• [Your objective]
Leaving out each picture, transcribe the lines of the listing below exactly from the first through the line that contains "I love this".

• [Source material]
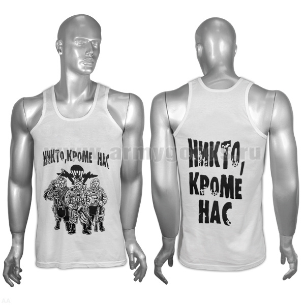 Майка белая с надп. краской Никто, кроме нас (три медведя)
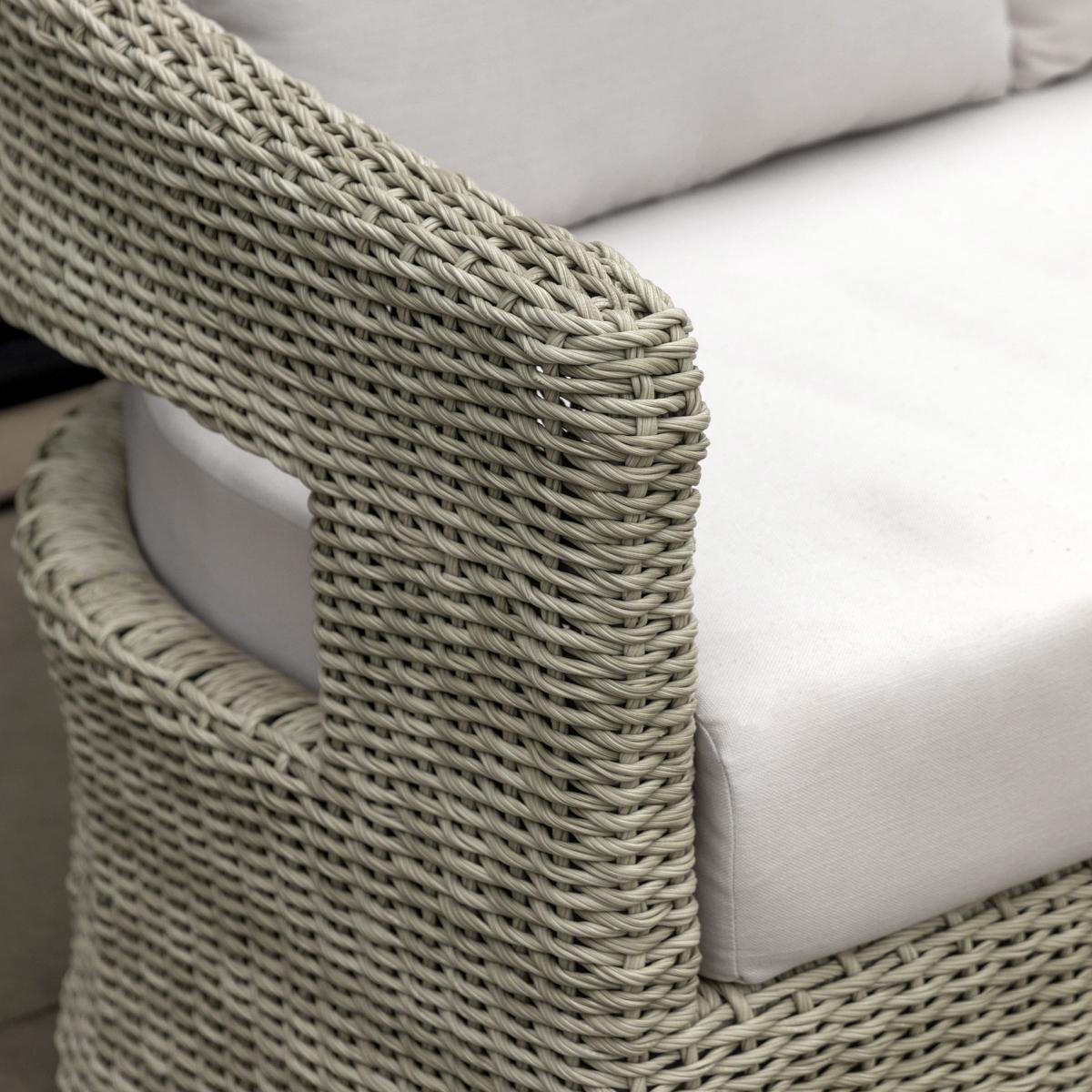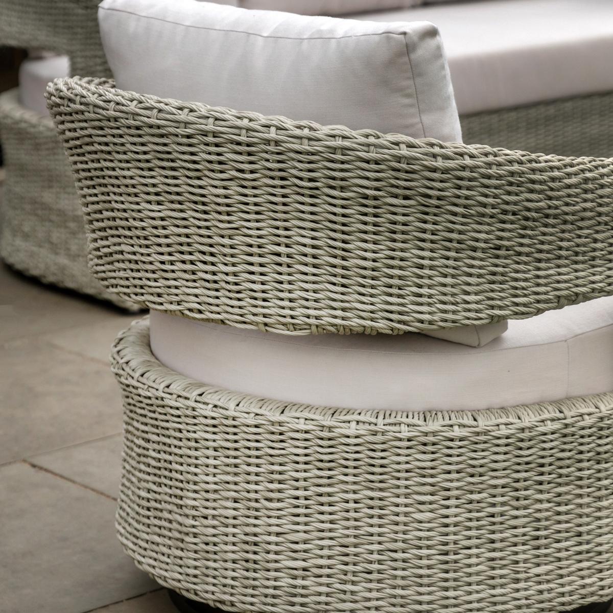 I love this Bondi swivel for its clean profile, durable woven frame and soft, neutral cushions that slot easily into different schemes. The 360° base makes it a versatile choice for relaxed conversation corners or a cosy reading spot. It works equally well in coastal-inspired, Scandi-hybrid or contemporary garden rooms. For styling, layer in a textured throw or a couple of coloured cushions to lift the neutral tones, and position it next to a lightweight side table or on a jute mat to add warmth and interest.
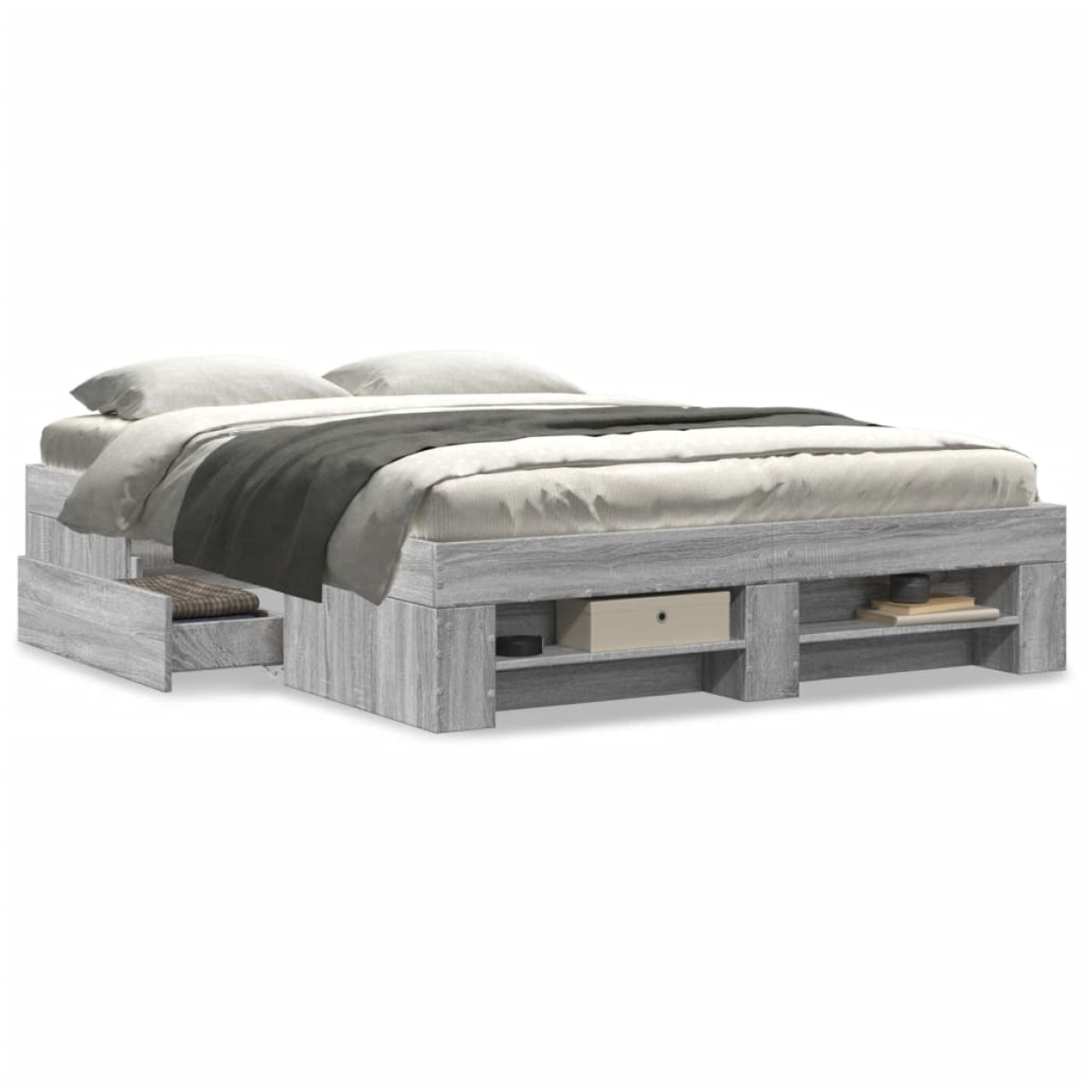 Get a better restful night's sleep from this bed frame! It makes a welcoming addition to any bedroom. Durable material: The bed frame is made of engineered wood. The engineered wood is of exceptional quality with a smooth surface and also features strength, stability, and resistance to moisture.Slatted base for optimal support: The bed frame is equipped with a slatted base for support and breathability for your mattress.Storage function: This bed frame offers drawers and open compartments for keeping your magazines, books, toys and other small items well-organised. Good to know:A mattress is not included with this bed. We do offer a various selection of mattresses. You can check our shop for a matching mattress.

• [Result below]
 Майка белая с надп. краской Никто, кроме нас (три медведя)
 I love this Bondi swivel for its clean profile, durable woven frame and soft, neutral cushions that slot easily into different schemes. The 360° base makes it a versatile choice for relaxed conversation corners or a cosy reading spot. It works equally well in coastal-inspired, Scandi-hybrid or contemporary garden rooms. For styling, layer in a textured throw or a couple of coloured cushions to lift the neutral tones, and position it next to a lightweight side table or on a jute mat to add warmth and interest.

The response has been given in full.